Do you go where the lowest price is (one way is to check sites like http://www.ottawagasprices.com or other local sites) or do you stick with a particular name to earn points/rebates ? 

Thankfully, the gas prices this year are nowhere near what we had to pay last summer. We generally fill up at Esso using our Speedpass because it is linked to my wife's credit card which accumulates Aeroplan points for future trips.


----------



## PoorFella (Apr 3, 2009)

Mostly we just stick to Husky/Mohawk. We collect CAA points with the CAA Mastercard, which then covers our RV insurance and Membership fees.


----------



## Rickson9 (Apr 9, 2009)

My wife and I work where all our car expenses (including gasoline) is paid by the company.
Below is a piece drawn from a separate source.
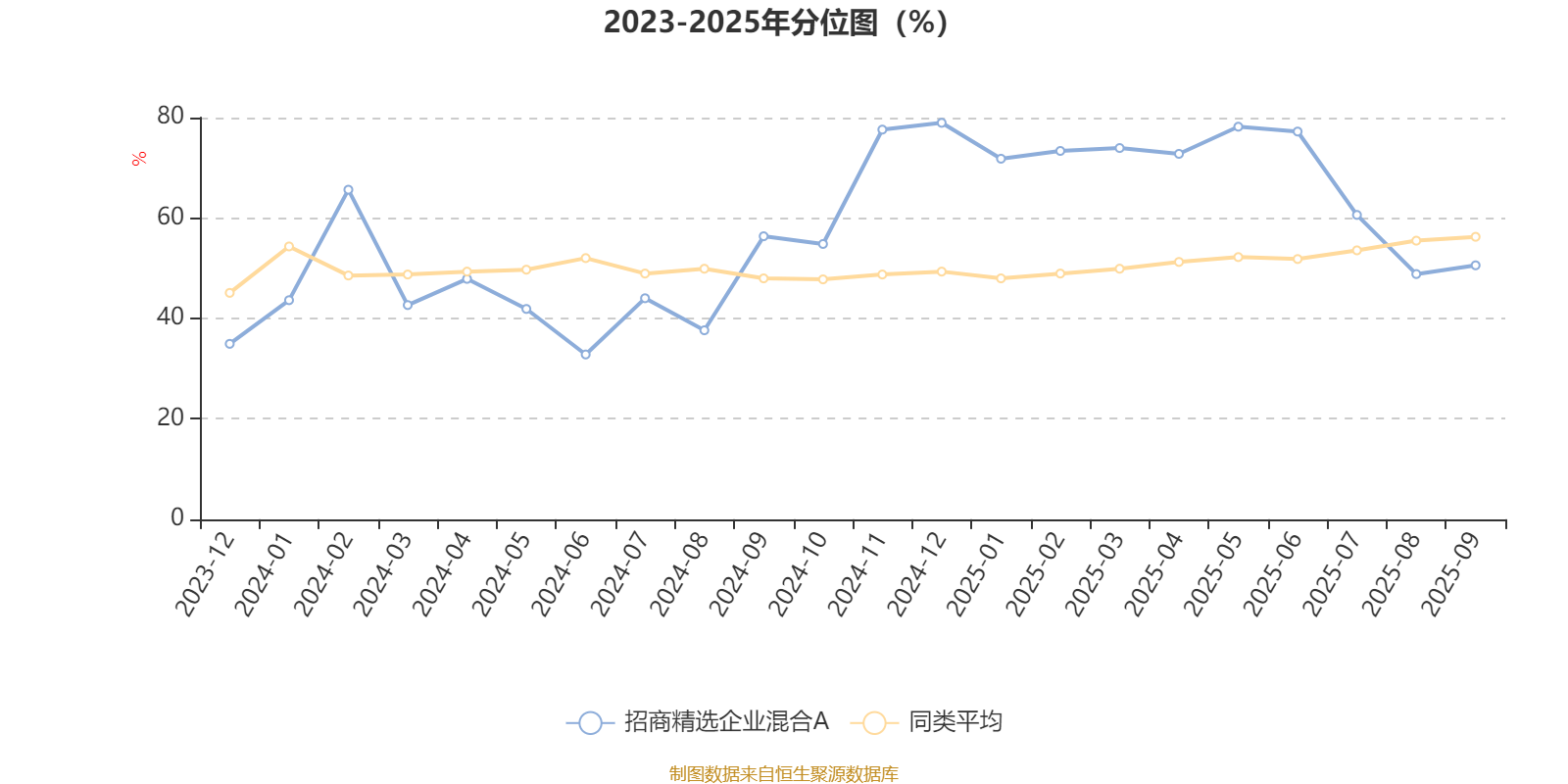 通过所选区间该基金净值增长率分位图,可以观察该基金与同类基金业绩比较情况。图为坐标原点到区间内某时点的净值增长率在同类基金中的分位数。

This is not only good for obvious reasons, but also benefits us when we collect rewards points on gas that we didn't pay for.

Being less sensitive on the movement of gas prices is both good and bad - it's bad because we become out of touch; it's good because there are more interesting things to think about than gas prices.


----------



## Ben (Apr 3, 2009)

Corner gas store near the house. Get 1% free groceries on the purchase.


----------



## mfd (Apr 3, 2009)

We normally go to petro stations. The fiance has the citi card that gives 2 cents off of every litre.


----------



## onomatopoeia (Apr 8, 2009)

I go to esso to get the AM points, but my wife just goes wherever is closest when the yellow light comes on (unless she knows I'm using the car next, then she does her best to get home).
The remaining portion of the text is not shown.